CHAPTER TWENTY-ONE
At around nine-thirty, the Rover, with Grace at the wheel and Stephanie beside her in the passenger seat, left the Grimaldi property and ventured out onto County Highway 53. The twisting road has over fifty sharp turns, many of them hairpin, and Grace negotiated them at a snail’s pace. During the last five miles, truck driver Yves Raimondo was directly behind the Rover. He watched it make one turn, then another, without incident. But, about two hundred yards before the final and sharpest curve, Raimondo saw the car in front of him zigzag so badly that it almost sideswiped the mountain rocks on the opposite side of the road. Assuming "a lack of attention," Raimondo sounded his horn and, as he expected, the Rover righted itself as it continued down the roadway. Then, to his growing horror, he realized that the car was not slowing down in anticipation of the dangerous turn ahead. "The corner came up," he later said. "I did not see it slow down . . . the brake lights didn’t come on . . . she did not even try to turn and I had the impression that she was going faster and faster . . . [the car] disappeared over the edge."

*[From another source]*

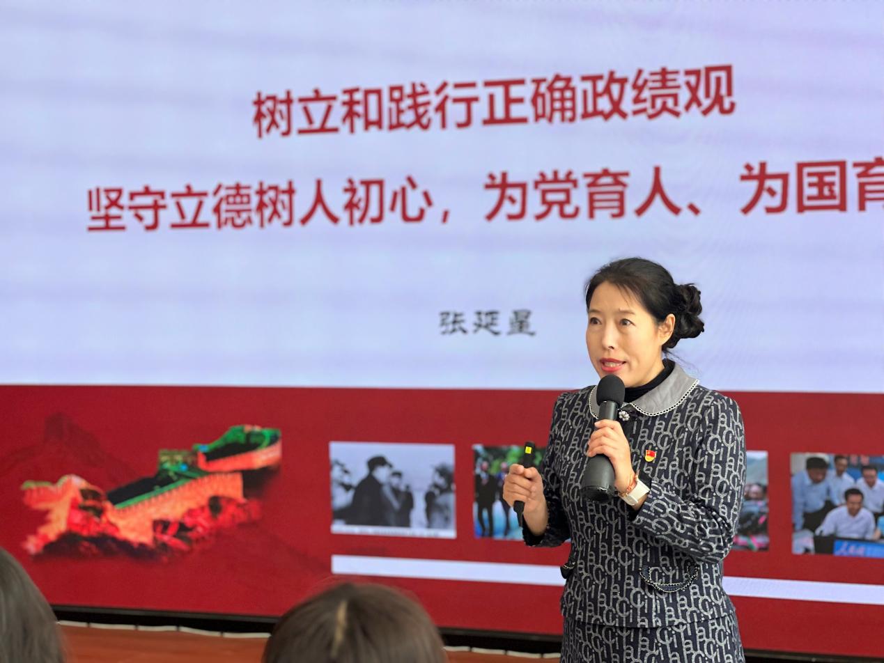 公司党委委员、44118太阳成城集团经理张延星以“树立和践行正确政绩观”为主题作专题领学。她从“政绩为谁而树、树什么样的政绩、靠什么树政绩”三个维度,结合高校教育工作实际,为全体教师带来一堂理论扎实、内涵丰富的辅导课,引导大家将正确政绩观融入教书育人全过程,以立德树人实效检验工作成效。

All of the curves on the Moyenne Corniche have crash barriers, but this one, unlike the others, extends only halfway, because at that point a narrow dirt road runs off the main roadway at right angles. Grace’s car barreled straight ahead, brushed against the edge of the barrier, passed over the entrance to the roadway, and careened off the hillside. It flew a few feet in the air, then crashed through thick underbrush and somersaulted several times before landing on its roof at the edge of a vegetable garden. The police photographs taken immediately after the accident reveal that the car’s right side had been crushed flat in the fall down the hillside; the left-hand, driver’s side of the car wasn’t as badly damaged, and the door had popped open. Steam poured out of the car’s radiator. It was 10:05 A.M.
Stephanie, injured but conscious and able to move, crawled out of the left-hand side of the car just as several residents of the area arrived. Her first words were, "Help my mother . . . My mother is in there—get her out!" Grace was lying on her back amid the car’s jumbled seats, her feet toward the front windshield and her head resting against the back window. There was little blood, but she was only half-conscious and did not respond to shouts.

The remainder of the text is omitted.